5. Explore the history of Bagamoyo
The now sleepy town of Bagamoyo was once one of the most important cities in East Africa. Chosen by German colonists as their capital, it slowly fell into a happy obscurity with the rise of Dar es Salaam.
However, its laid-back atmospheric paths have plenty of sights to catch the eye, from the main street’s slowly crumbling merchant’s houses of Arab design to the well named Old Church and German Garrison.
A starting point for many explorations of Africa; its old port, near the Kaole ruins, welcomed the likes of David Livingstone and Henry Morton Stanley.The ruins also include the remains of two mosques, 30 grand Muslim tombs, and a baobab tree thought to date back half a millennium.
6. Follow in the footsteps of our ancient ancestors
Located within the Ngorongoro Conservation Area, the Olduvai Gorge hit the headlines when anthropologists Louis and Mary Leakey discovered a human-like skeleton dating back 1.8 million years in the steep-sided ravine in 1959.
Modern humans, by contrast, only emerged 300,000 years ago. The excavation sites have been preserved for visitors to discover for themselves. A small museum in the gorge provides more detail on the diverse ancient human finds, through bones, teeth, artefacts and a cast of a trail of footprints dating even further back, to 3.7 million years ago!
7. Take to the cosmopolitan streets of Dar
Elegantly managing to combine the city’s historic areas with the needs of one of the fastest growing cities in the world, Dar es Salaam has become a leading city for the arts, music and fashion.
Its glorious ocean-side position only adds to the prestige of a city that is not only comfortable, but also proud of its past and looking to its future.The birthplace of the vibrant Tingatinga painting style and its own form of dance music, Dar also boasts exquisite cuisine.
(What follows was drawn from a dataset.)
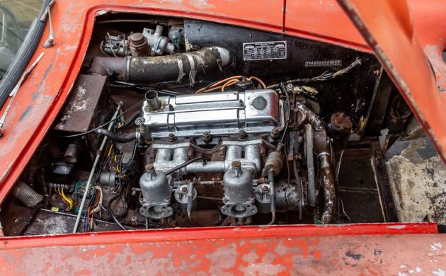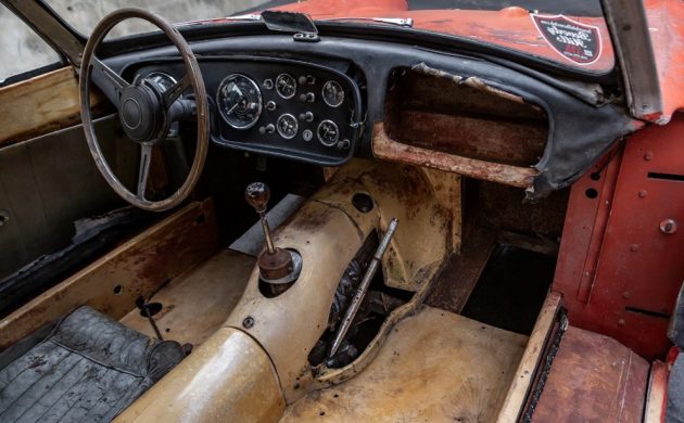 Although the Peerless GT had a unique body, the car borrowed its running gear from a Triumph TR3, including the 4-cylinder powerplant and dual carburetors. Details regarding the engine here are sparse, with the seller only revealing that it’s not currently running. There are no other specifics provided, such as how long it has been since the motor was last operational, or whether it will still turn over. The good news is that most of the components under the hood appear to still be present and in fairly good order, so hopefully, the buyer will be able to get this one functioning again without a complete overhaul, at least not right away.

Culture vultures will love the exhibits housed within the fantastic National Museum, while those seeking out much needed rest and relaxation don’t have far to travel for clean sand beaches and warm seas.
Tanzania has rich and diverse cultures, astonishing natural beauty, dazzling beaches and incredible diving destinations.The ‘cradle of mankind’ is able to boast World Heritage Sites as diverse as Serengeti National Park and Stone Town, Zanzibar, in addition to Africa’s highest mountain. In short, Tanzania is a destination like no other.